Required Skills & Competencies
Hard Skills (Technical)
- Enterprise knowledge strategy and information architecture design (taxonomy, ontology, content modeling).
- Search technologies: Elasticsearch, OpenSearch, Solr and experience tuning ranking, analyzers and relevance.
- Semantic search and vector search technologies: FAISS, Milvus, Pinecone, Weaviate or managed embedding services.
- LLM integration and Retrieval-Augmented Generation (RAG) design patterns; prompt engineering and hallucination mitigation strategies.
- Knowledge graph design and query languages: Neo4j, RDF/OWL, SPARQL, Cypher and graph data modeling.
- NLP and text processing: named entity recognition (NER), entity linking, topic modeling, embeddings and transformer-based models.
- Data integration and ETL pipelines: experience with Kafka, Airflow, Talend, NiFi or comparable ingestion frameworks.
- API design and microservices: REST/GraphQL APIs for knowledge services, authentication and versioning patterns.
- Metadata management and governance: schema design, controlled vocabularies, taxonomy management tooling (PoolParty, Smartlogic, TopBraid).

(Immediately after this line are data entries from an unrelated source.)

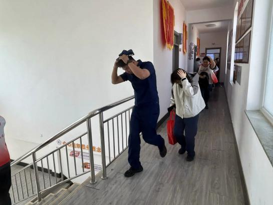在理论知识讲解结束后,社区还组织开展了逃生演练。随着警报声响起,大家按照救援队指导的逃生路线,弯腰低姿、屏住呼吸,迅速有序地从室内撤离至社区空旷安全区域。演练过程紧张有序,有效检验了居民对逃生知识的掌握程度,提升了应急反应能力。通过演练,不仅增强了经管师生的安全意识,还提高了防御和应对紧急突发事件的能力,真正把安全工作落到实处,为今后的应急处理演练积累了宝贵的经验。
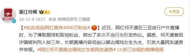 据悉,祁天道曾因诈骗被判刑入狱三年,长期直播内容低俗,以擦边调戏女生为主,引发大量网友谴责并举报。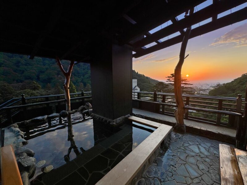 10階にある「遊月の湯」からは、会津城下町の夜景をはじめ、温泉街や温泉郷をご覧いただけます。天気の良い日には綺麗な星空が広がることも。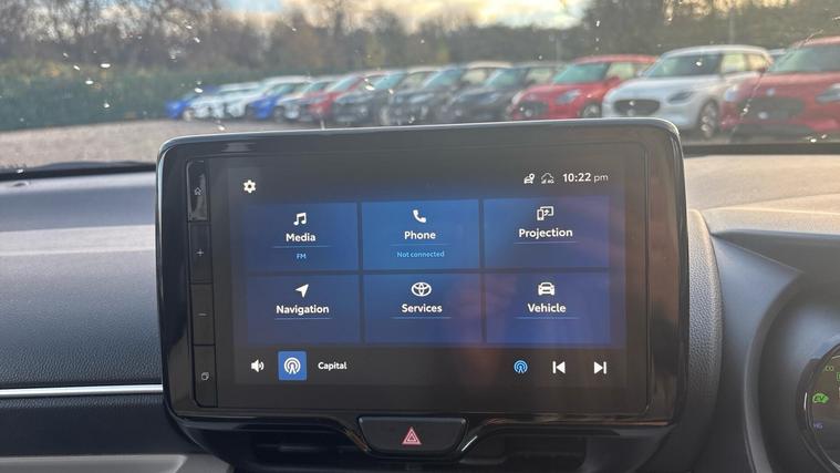 This 2023 Toyota Yaris VVT-h Excel is a Toyota manufacturer approved vehicle with an exceptionally low mileage of just 8028 miles, offering peace of mind with a 12 month warranty and a full service history. This Euro 6 compliant model boasts a 1.5L Petrol Hybrid engine, combining efficiency with smooth performance. The Excel trim level comes equipped with a suite of advanced features designed for convenience and safety, including a reversing camera with rear parking assistance, smartphone integration with Apple CarPlay and Android Auto, blind spot monitoring for enhanced awareness, and a navigation system. The integrated parking pack, featuring front and rear parking sensors, further simplifies manoeuvring in tight spaces.The Toyota Yaris VVT-h Excel stands out with its impressive fuel economy, achieving a remarkable 66 mpg, and its low CO2 emissions, indicating it is a more environmentally conscious choice compared to many similar vehicles. This combination of excellent running costs and advanced technology makes it an attractive option for those seeking a practical and modern compact car..

- Cloud platforms and managed services: AWS (S3, Lambda, OpenSearch Service), GCP (Vertex AI), or Azure (Cognitive Services), including security controls.
- Programming and scripting: Python, SQL, and familiarity with ML tooling (PyTorch, TensorFlow, Hugging Face) for prototype models.
- Experience with enterprise collaboration platforms (Confluence, SharePoint, ServiceNow, Jira) and migration approaches.
- Observability and analytics for knowledge systems: Kibana, Grafana, custom dashboards and search telemetry analysis.
- Data protection, access control and compliance experience (IAM, RBAC, GDPR/CCPA, data masking).
Soft Skills
- Strategic thinker who translates business goals into technical KM roadmaps and tangible KPIs.
- Strong stakeholder management and cross-functional collaboration with product, engineering, legal and business leaders.
- Excellent written and verbal communication: able to produce architecture docs, executive summaries and training materials.
- Leadership and people management: hiring, mentoring and scaling high-performance multi-disciplinary teams.
- Problem-solver with strong analytical and decision-making ability under ambiguity.
- Change agent who can drive adoption, training and culture change across global organizations.
- Customer-oriented mindset focused on user experience, findability and measurable outcomes.
- Attention to detail in taxonomy and data modeling balanced with an ability to prioritize for impact.
Education & Experience
Educational Background
Minimum Education:
- Bachelor's degree in Computer Science, Information Science, Library & Information Science, Data Science, Linguistics, or related field.
Preferred Education:
- Master’s degree in Information Science, Knowledge Management, Computer Science, ML/NLP, or Business Administration (MBA) with technical focus.
Relevant Fields of Study:
- Information Science / Library & Information Science
- Computer Science / Software Engineering
- Data Science / Machine Learning / NLP
- Linguistics / Computational Linguistics
- Knowledge Management / Information Systems
Experience Requirements
Typical Experience Range: 7–15 years of progressive experience in knowledge management, information architecture, search, or data engineering roles at enterprise scale.
Preferred: 10+ years implementing KM programs or search/semantic platforms with 3+ years in a leadership/architect role, proven track record of delivering KM platforms, knowledge graphs or LLM-enabled solutions in production.